One well-known phenomenon has long been used to argue for the reality of repression. This is infant amnesia , which refers to the fact that adults have very poor memories for the first few years of life. Freud proposed a characteristically creative explanation for this amnesia. The period of early childhood, according to psychoanalytic theory, is one during which the child is awash with strong sexual desires, most of them incestuous. Since these desires cannot be fulfilled, they result in considerable frustration. Further, in the case of the boy, his lust for his mother may, he fears, result in his castration. These factors lead to a repression of early childhood memories when the Oedipus complex is resolved. Why are all childhood memories repressed, and not just the ones dealing with the child’s sexual desires? Because if any memory from this period came to consciousness, there would be risk that memories of the perverted (by adult standards) and frustrating sexual desires the individual had as an infant would also emerge into consciousness, perhaps causing serious psychological damage.
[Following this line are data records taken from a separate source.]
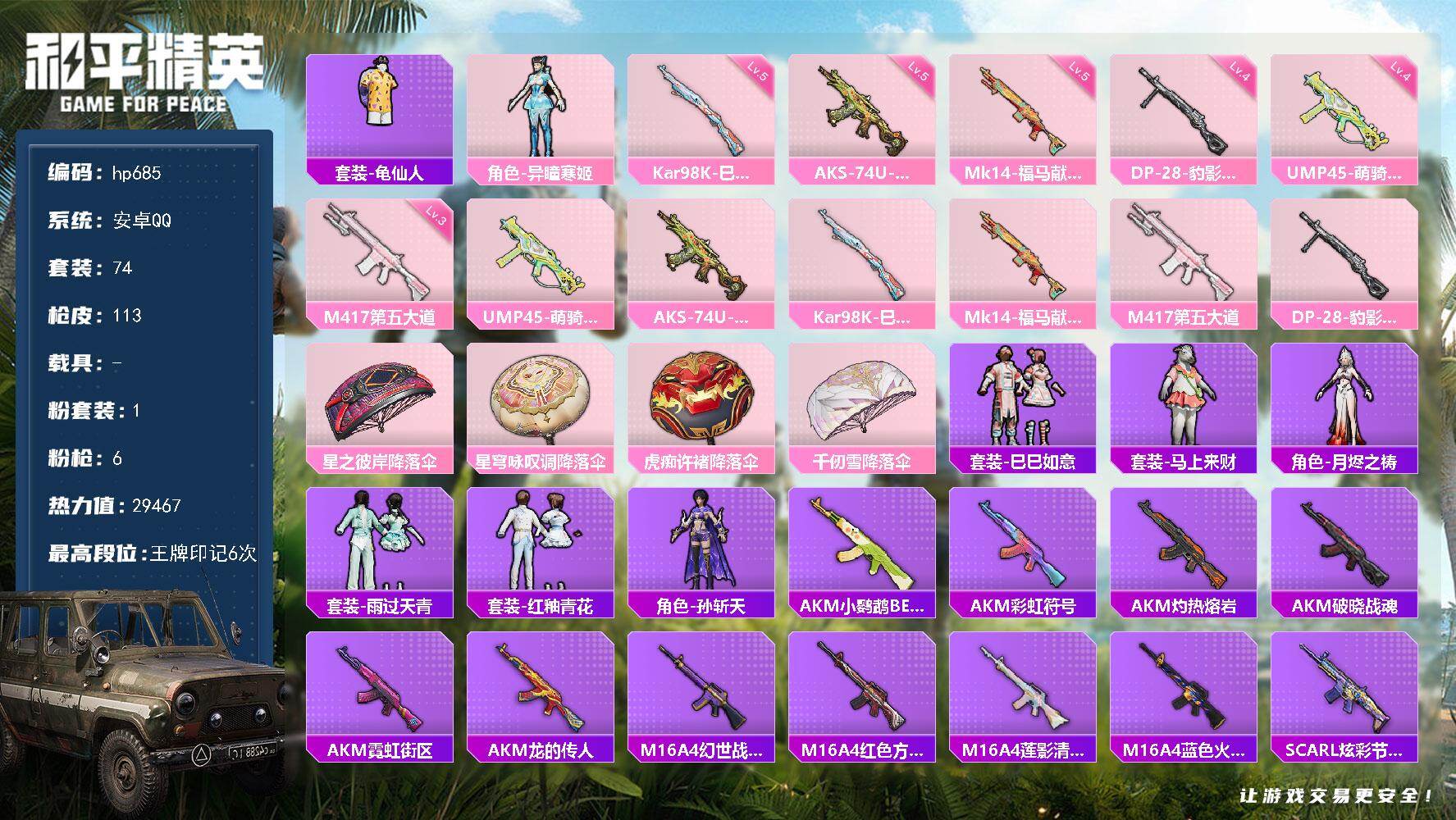 1粉装-6特效枪-0载具-0粉色飞行器-29467热力值-6王牌印记-74套装-113枪皮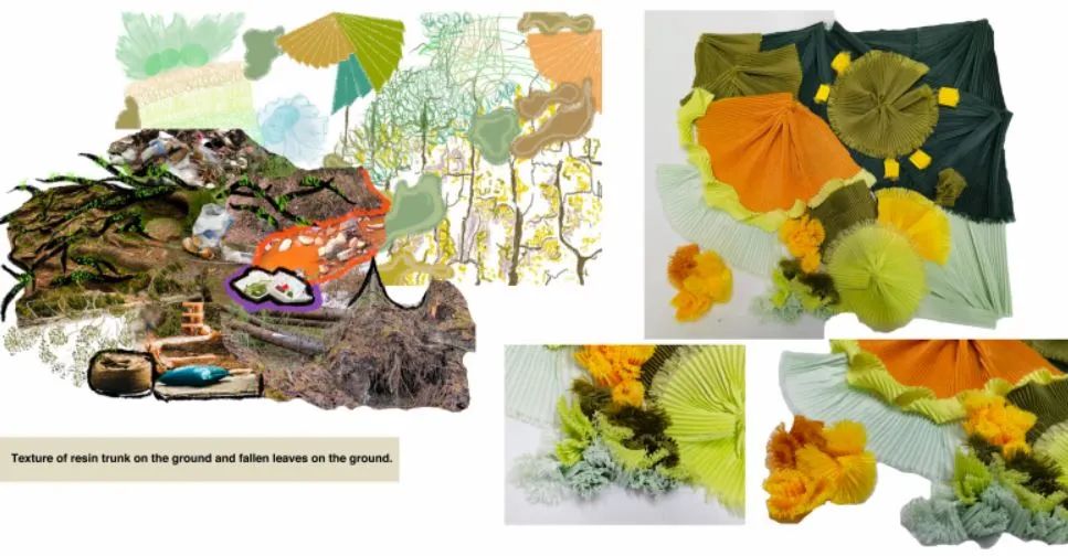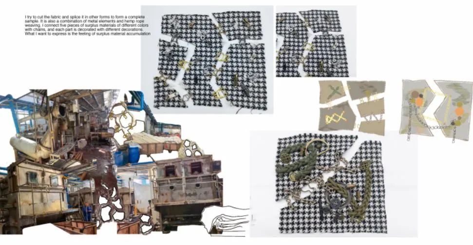 其實對我來說,做research和拼貼是最難的。做sample以及材料的選擇和運用我還是比較在行的。但拼貼因為之前沒做過,比較生疏,還是葉老師一步一步教我的。葉老師真的教了我很多,還教我怎么用Procreate,給我示范畫草圖,做拼貼,立裁,打版,做樣衣,帶著我捋思路等等等等,就差握著我的手幫我做了!啊哈哈哈。面試前葉老師也幫我改了好多次稿子,有個七八九個版本了,特別耐心。
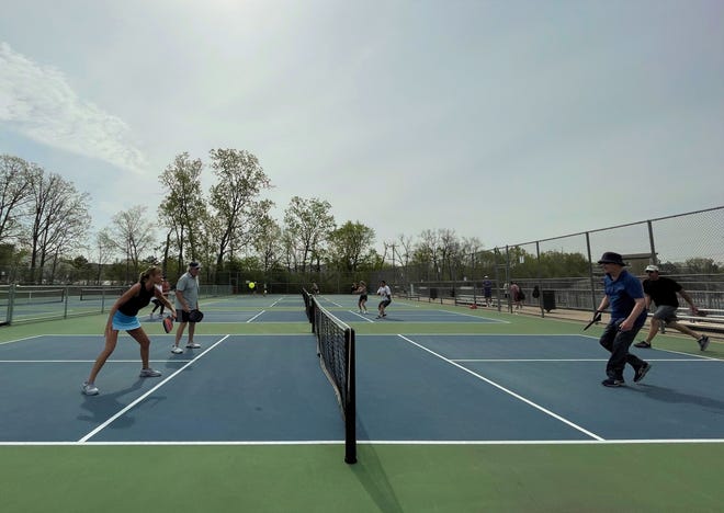 Pickleball fans use The Hawk's wildly popular pickleball courts in May 2023.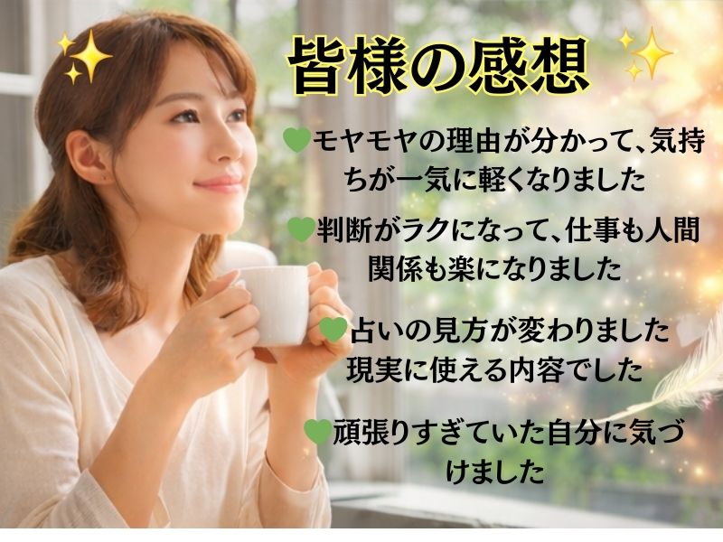 🔸今感じているモヤモヤや迷いを整理しやすくなります
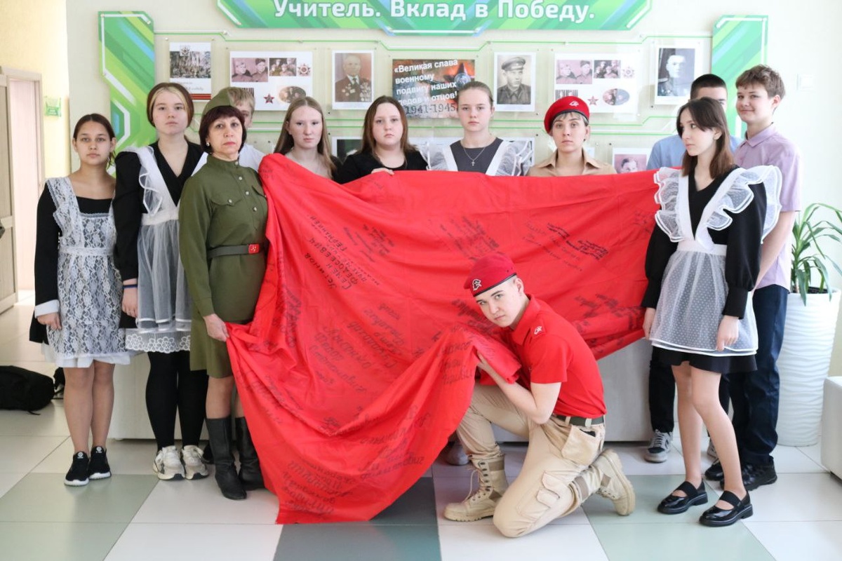 В с. Бурлаки стартовала патриотическая акция к 80-летию годовщины Победы «Алая лента памяти. Подвиг села» Идейный вдохновитель арт-проекта «Поколение» С.Ю. Скирман и активисты беседуют с потомками героев, предлагают им на красной треугольной ткани оставить инициалы своих ветеранов Великой Отечественной войны и указать название фронта, где земляк воевал. Уже пообщались со 192 семьями, все треугольнички сшили вместе в общее алое полотно. В каждом уголке этого огромного знамени Победы (а сейчас размер его 2 на 6 метров) сохранены имена земляков фронтовиков. И акция продолжается, к празднику размер флага станет ещё больше. - Цель нашей акции заключается в сохранении памяти о Великой Отечественной войне. Каждый из участников нашей акции имеет отличительный знак - алый галстук, цвет которого символизирует энергию, жизненную силу и кровь, пролитую за Отечество. Мы посетили каждый дом, зашли в каждую квартиру и прикоснувшись к памяти семьи, по крупицам собрали воспоминания о ветеранах Велико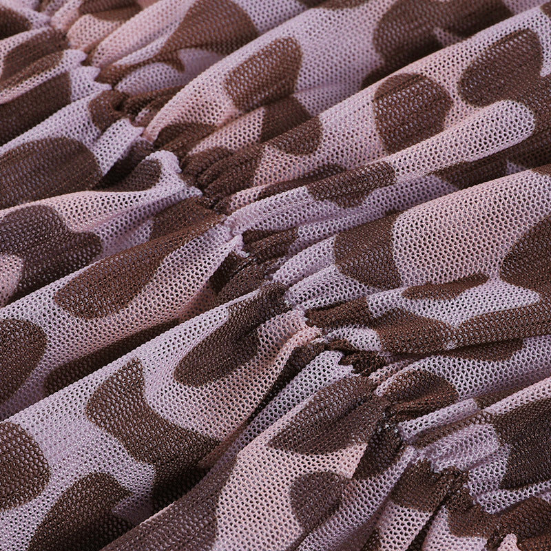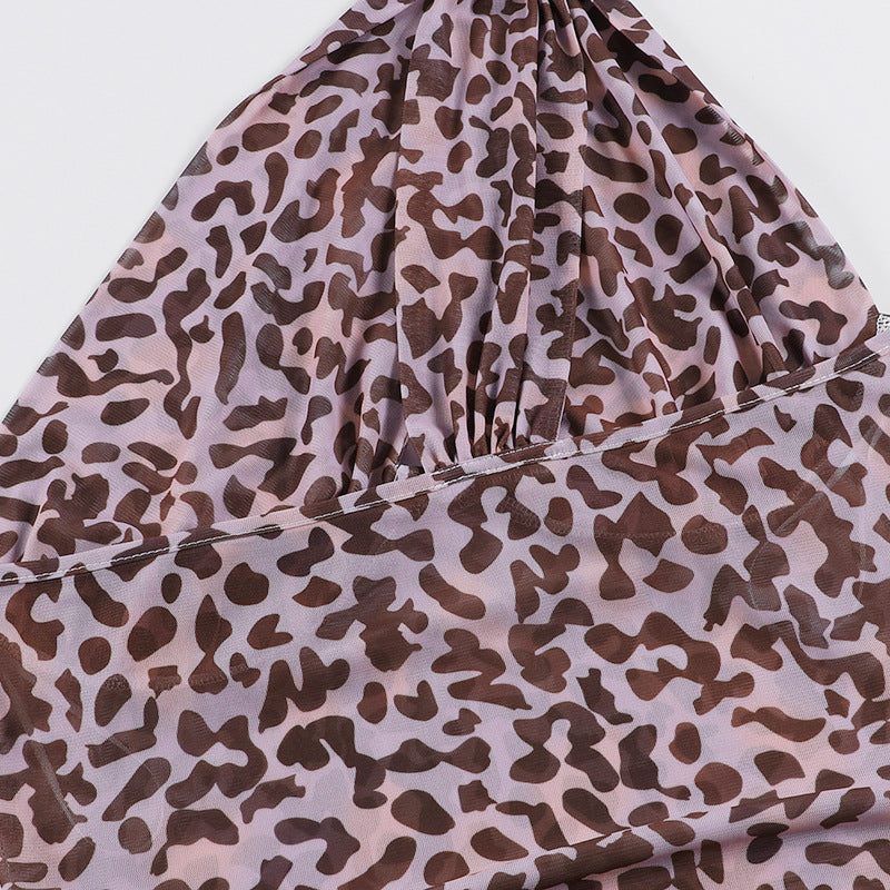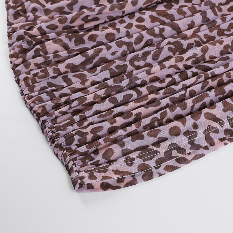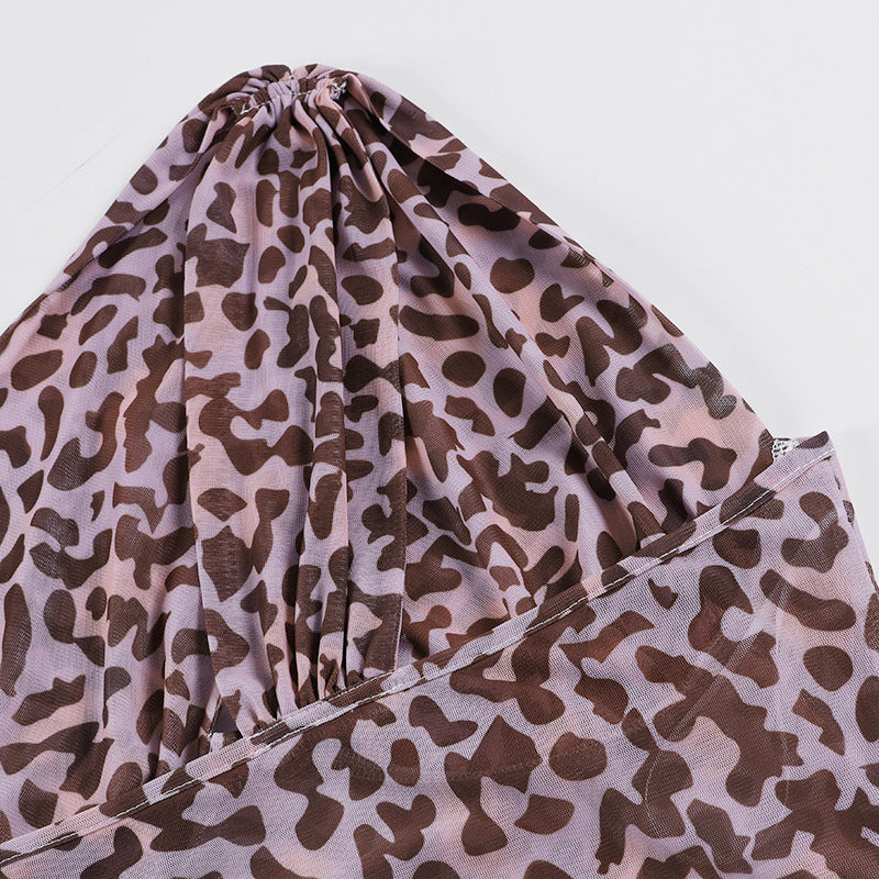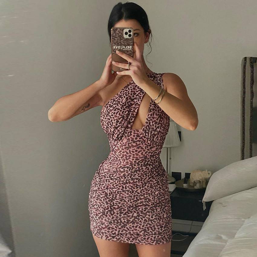 Minivestido sin mangas con doble tirante y un hombro hecho de material de poliéster spandex con estampado de leopardo completo

There is no question that infant amnesia is a real phenomenon. However, research on memory and the brain has shown that its causes are very different from those proposed in psychoanalytic theory. Spear (1979) and Coulter, Collier, and Campbell (1976) have shown that rats also show infant amnesia. Specifically, infant rats trained on simple learning tasks show considerable loss of memory for those tasks over a period of time. Older rats, trained on the same tasks to the same level of performance, show much better memory for the tasks after the same amount of time has passed. In addition to rats, monkeys also show infant amnesia (Mishkin and Appenzeller 1987). It seems most unlikely that rat or monkey infant amnesia is due to the rats or monkeys repressing their incestuous desires for their parents.

The real reason for infant amnesia in rats, monkeys, and humans lies in the nature of the brain of the immature organism. The immature brain is both anatomically and physiologically different from the mature brain. Deep in each temporal lobe of the mammalian brain is a structure known as the hippocampus. Together, the two hippocampi (and, of course, other brain structures) are vital for normal memory function (Zala and Squire 2000). The hippocampi in the human brain do not begin to undergo maturational changes until between four and five years of age (White and Pillemer 1979). Significantly, it is at about this time that the earliest memories adults can recall are found (Waldfogel 1948). Thus, it is the anatomical and physiological changes that take place in the brain, specifically in the hippocampi, that result in more lasting memories being formed by rats, monkeys, and humans who have passed the infant and very young child stages of development.